I need to extract records with two consecutive <20 followed by >=20 res; in this case we get

ptid vis res
2 2 10
2 3 10
2 4 50
2 5 60
4 1 10
4 2 10
4 3 20
4 4 40
4 5 40

 

data is as below

 

data have;
input ptid vis res;
cards;
1 1 10 
1 2 20
1 3 20
1 4 50
2 1 20
2 2 10
2 3 10
2 4 50
2 5 60
3 1 10
3 2 20
3 3 20
3 4 50
4 1 10
4 2 10
4 3 20
4 4 40
4 5 40
;

could you please provide your inputs.

 

 

Thanks,
Jag
1 ACCEPTED SOLUTION

Accepted Solutions
FreelanceReinh
Jade | Level 19

Good. Then please try this:

/* Select max. number of observations per patient */

proc sql noprint;
select max(c) into :maxobs
from (select count(*) as c
      from have
      group by ptid);
quit;

/* Select observations matching the pattern */

data want;
length resseq $&maxobs;
retain patternID;
if _n_=1 then patternID=prxparse('/1{2}?2{2,}/');
do until(last.ptid);
  set have;
  by ptid;
  resseq=cats(resseq,n(res)*(2-(res<20)));
end;
call prxsubstr(patternID, resseq, start, len);
do until(last.ptid);
  set have;
  by ptid;
  ctr=sum(ctr,1);
  if start<=ctr<start+len then output;
end;
drop patternID resseq start len ctr;
run;

In the first DOW loop a pattern of 1s and 2s and 0s representing observations with nonmissing RES<20, RES>=20 and missing RES, respectively, is written to character variable RESSEQ ("result sequence").

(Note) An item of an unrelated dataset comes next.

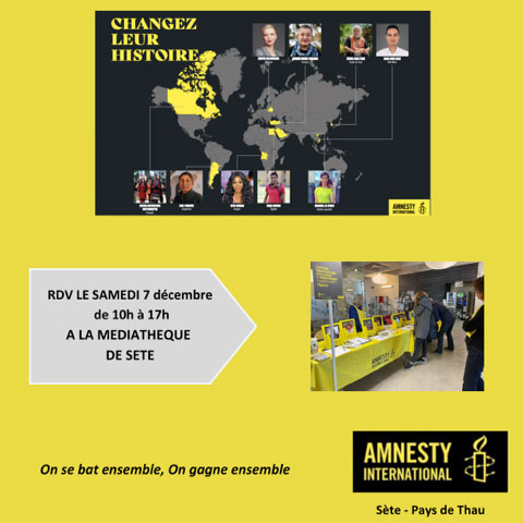- Dimanche 24 novembre, de 10h à 13h, sur le parvis des Halles : stand de sensibilisation dans le cadre de la journée contre les violences sexistes et sexuelles faites aux femmes, par l’association Amnesty international. A 11h, le collectif Présentes ! Le planning familial et la chorale à poils et à paillettes se joindront au stand.

The Perl regular expression matches "exactly two 1s followed by two or more 2s" in RESSEQ. In the second DOW loop, observations are written to WANT if and only if their observation number within the BY group (CTR) is between the START and end (=START+LEN-1) position of the matched pattern (if any).

 

If there is a risk of two or more matched patterns for a patient, the code needs to be amended: Using the CALL PRXNEXT routine (instead of PRXSUBSTR) one could loop through the multiple matches.

 

Edit: Here is the enhanced version of the data step which allows for multiple matches for the same patient.

data want;
length resseq $&maxobs;
if _n_=1 then patternID+prxparse('/1{2}?2{2,}/');
do until(last.ptid);
  set have;
  by ptid;
  resseq=cats(resseq,n(res)*(2-(res<20)));
end;
start=1;
call prxnext(patternID, start, -1, resseq, pos, len);
do until(last.ptid);
  set have;
  by ptid;
  ctr=sum(ctr,1);
  if pos<=ctr<pos+len then output;
  if ~last.ptid & ctr=pos+len-1 then call prxnext(patternID, start, -1, resseq, pos, len);
end;
drop patternID resseq start pos len ctr;
run;

View solution in original post

7 REPLIES 7
Kurt_Bremser
Super User

Sort the dataset in reverse order and then use the lagX() functions for obtaining the data from previous observations. Then re-sort back into the original order.

FreelanceReinh
Jade | Level 19

Hi Jag,

 

If I had to program it, I would need more complete specifications:

  • What should be the first selected observation per PTID? The first of the two with RES<20 or the first of a (possibly longer) series of observations with RES<20?
  • What should be the last selected observation per PTID? The last of a series of observations with RES>=20 (following the two with RES<20) or the last observation of the patient?
  • What if (in cases with >=6 obs. for one PTID, if any) two blocks of observations satisfy the selection criterion (e.g. 10, 10, 20, 10, 10, 20)?
  • How would missing values of RES or skipped VIS numbers be handled?
  • What if repeated measurements (i.e. consecutive records with the same VIS) or unscheduled visits contributed to the target pattern?

 

Jagadishkatam
Amethyst | Level 16

@FreelanceReinhard,

 

Agree with your questions, here are my responses. Hope this helps.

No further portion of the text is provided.